Orie case goes to jury

March 22, 2012 2:01 pm

Share with others:

The criminal case against state Sen. Jane Orie has gone to the jury.

The jury deliberated for a little more than four hours this afternoon before retiring for the evening. Jurors will be sequestered until a verdict is reached.

During closing arguments this morning, Ms. Orie's defense attorney described the prosecution's strategy as "a shotgun approach."

"It's a form of strategy," William Costopoulos said. "A very low form used when a case is weak."

Ms. Orie, a 12-year Republican senator from McCandless, is on trial on 24 counts, including theft of services for using her legislative staff to campaign. Her other charges include ethics violations, conspiracy, obstruction of justice, perjury and forgery.

The two dozen charges, the defense contends, were layered on top of each other to ensure that the woman gets convicted of something.

He characterized the prosecution's evidence as "de minimis."

"In layman's terms, it means petty," he said. "And they had to try to make it not petty. Four freaking elections in nine years, where there's nothing but petitions, yard signs and stuffing envelopes."

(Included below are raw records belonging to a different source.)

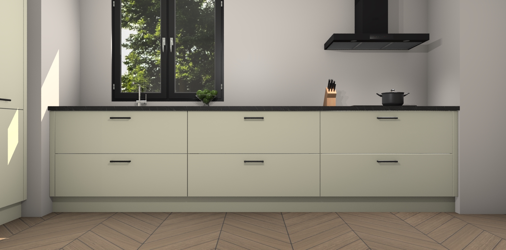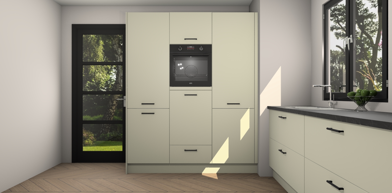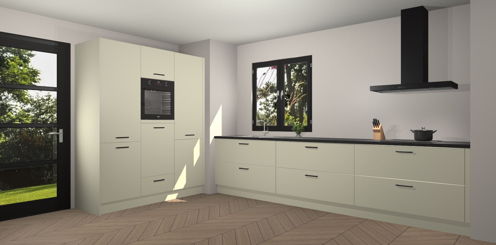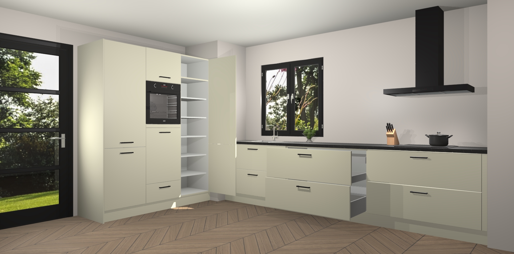 De softclose deuren openen en sluiten is ook heel eenvoudig - geniet van een moeiteloze keukenervaring, zelfs als er kinderen rondlopen. Voor extra gemak bij het plaatsen van uw bestelling bieden we ook een upgrade naar een kookplaat met geïntegreerde afzuiging.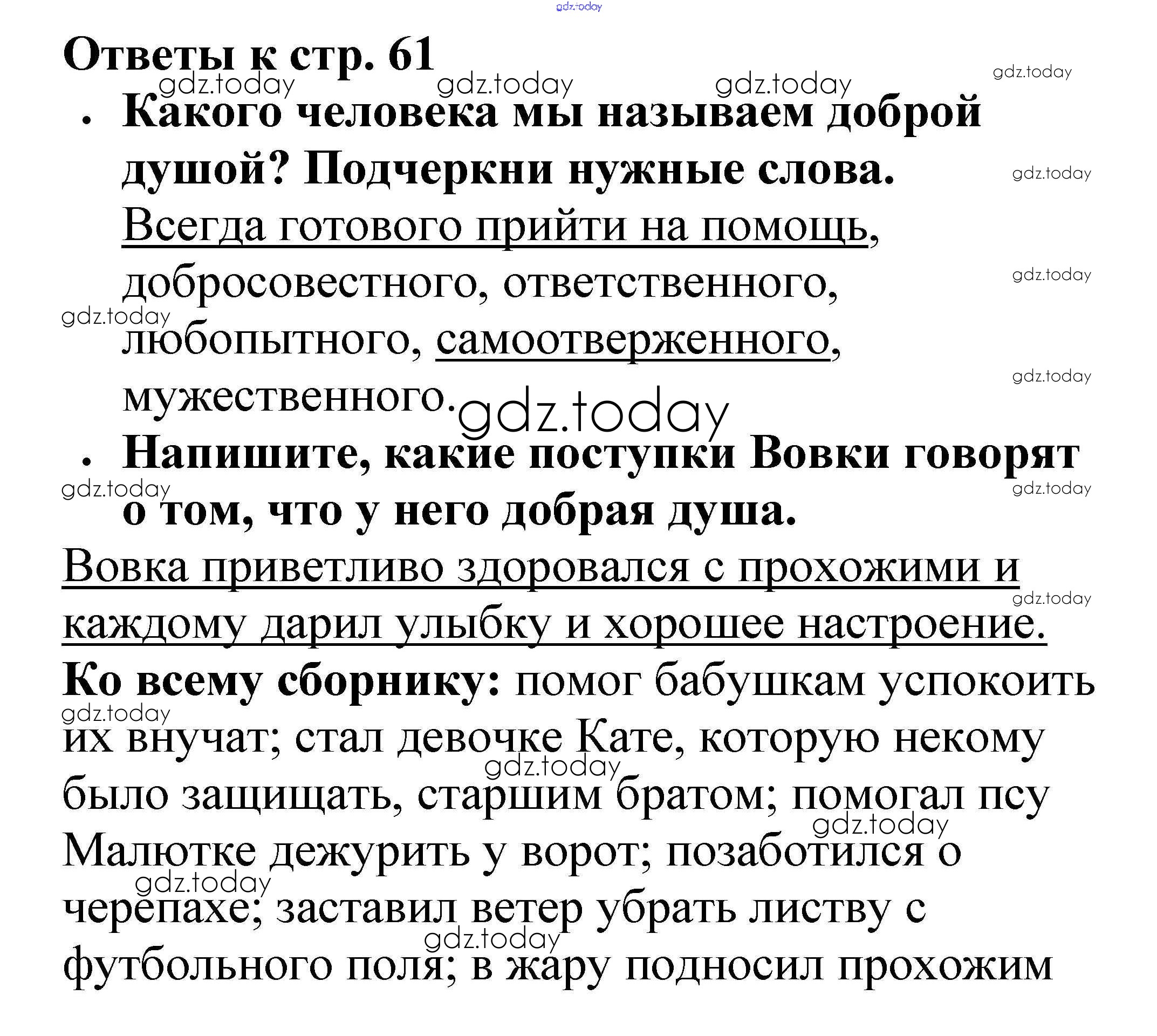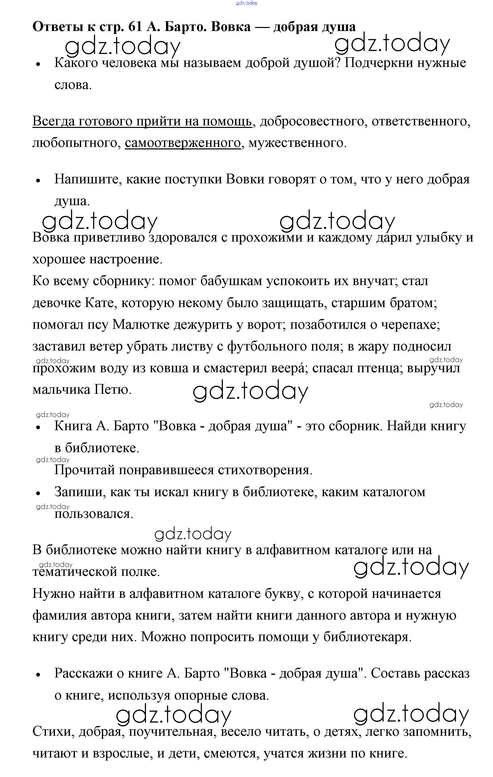 На страницах сайта gdz.today вы найдете учебный и вспомогательный материал, направленный на улучшения знаний школьной программы. ГДЗ - онлайн мир знаний Страницы (решение) 61 Рабочей тетради по Литературному чтению для 2 класса Бойкина, Виноградская Просвещение Школа России 2018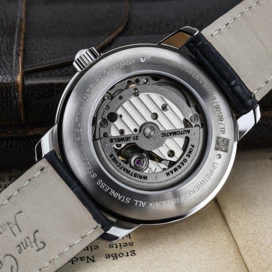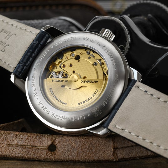 代表的なモデルに見られるドーム型のガラス風防や、周縁部に向けてカーブする文字盤などをはじめとする高品質なパーツを随所に採用。ドイツ国内の工場で「MADE IN GERMANY」を掲げるために必要な厳しい基準をクリアした高い品質を保っています。

Throughout his 90-minute closing, Mr. Costopoulos told the seven women and five men of the jury that his client was unaware of the political work being done in the senator's North Hills district office.

"When the cat's away, the mice will play," he repeated.

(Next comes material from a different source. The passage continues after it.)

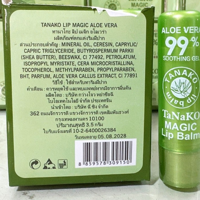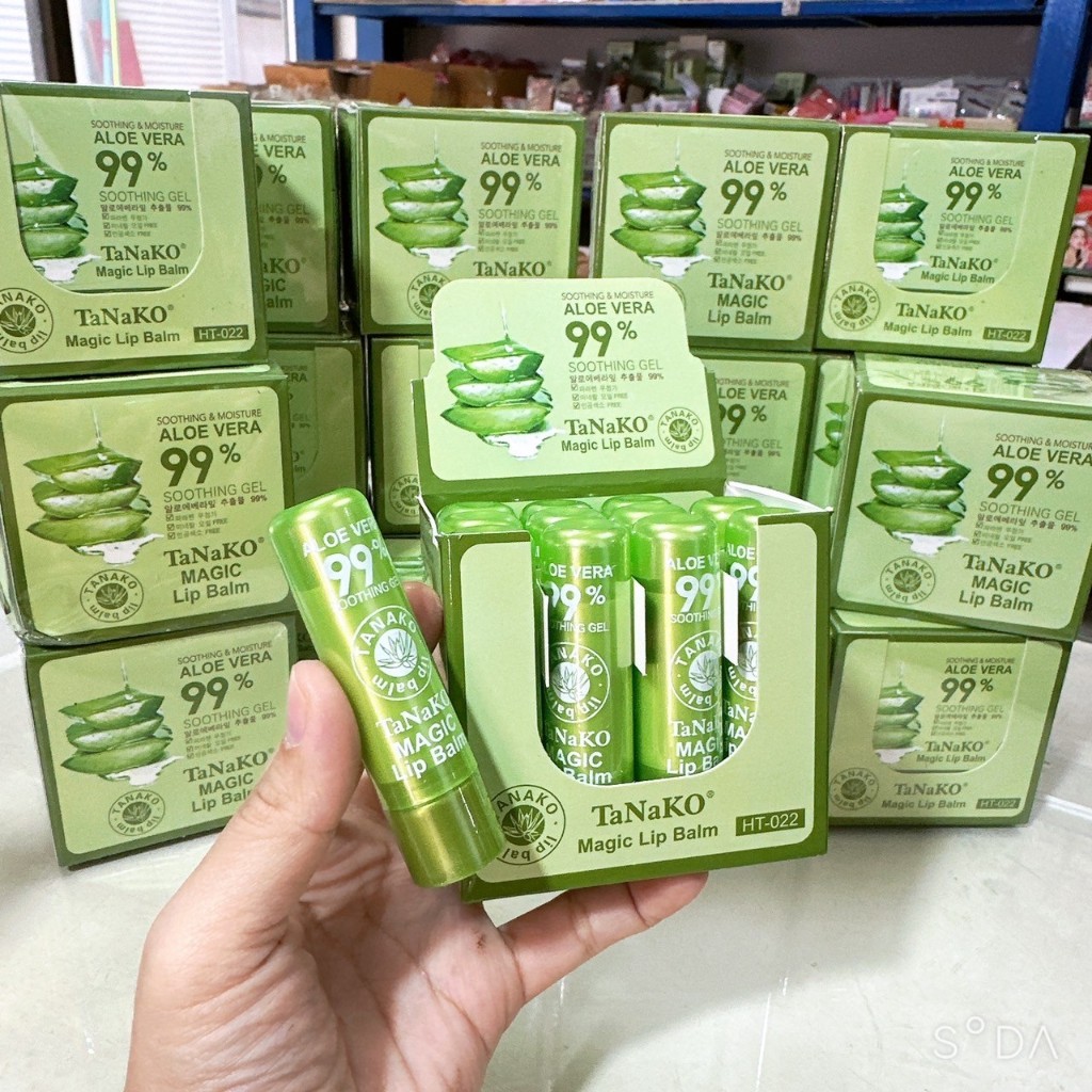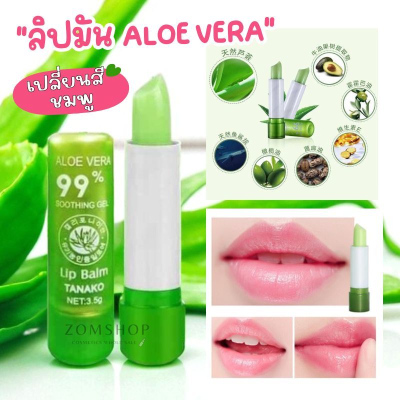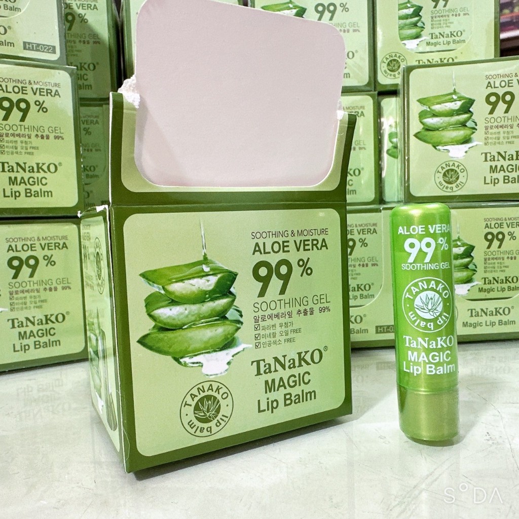 【1ชิ้น】ลิปมัน อโลเวล่า 99%【เปลี่ยนสี "ชมพู"】TANAKO LIP MAGIC ALOE VERA 99% 35.G

He placed the blame for any campaign work being done on Ms. Orie's former chief of staff, Jamie Pavlot, who received immunity from prosecution.

"Jamie Pavlot hired and fired staffers," Mr. Costopoulos said. "Jamie Pavlot hired the interns. Jamie Pavlot knew what was going on in the office day to day. Jane Orie's directives have been clear -- in writing and verbally -- for nine years. Jane Orie did everything she could to ensure compliance. But when the cat's away, the mice will play."

Mr. Costopoulos mocked Ms. Pavlot's testimony.

"According to Jamie Pavlot, she never got a single written directive from her boss in 10 years. Never. Not a single one."

But Assistant District Attorney Lawrence Claus, in his closing, dismissed the idea that Ms. Pavlot is at fault.

"Jamie Pavlot was not running for Senate office," he said. "Jamie Pavlot was not the senator who needed to be reelected in each of these years."

He told the jury that the charges against Ms. Orie are a classic example of "public corruption at its worst."

"This is not a shotgun approach," Mr. Claus said. "It's more like the senator, herself, was playing a game of Russian roulette."

Every time a staffer made a call, or stuffed an envelope, he continued, "she was loading that chamber with a bullet and spinning."

To believe Ms. Orie, the prosecutor told the jury, is to disbelieve 24 other witnesses.

"She does not have the right, at taxpayer expense, to have a staff of employees [doing campaign work] all on the public dole," he said. "These workers are supposed to be doing the people's business.

"How in the world can this senator come to you with a straight face and deny she was doing this fundraising activity? It's counterintuitive. It just cannot fly."

Mr. Claus conceded that Ms. Orie is a good senator and continues to be.

"That does not excuse blatant criminality," he said.

Mr. Claus told the jury that not only did Ms. Orie abuse the system by using her staff to campaign, but that she also tried to cover it up, adding hand-written directives to her staff -- telling them to do campaign work after-hours or at home -- on staff emails.

"Were these messages more self-serving?" Mr. Claus asked. "Done in anticipation of using them at at trial and covering up the activity she was involved in? It all sounds good, but I submit you're going to find it's fabricated."

After closings concluded, Mr. Costopoulos said had been a long, hard trial.

"It is a very stressful hour for the defendant," he said. "We are hopeful. We are praying for the right verdict, but now we just have to wait it out."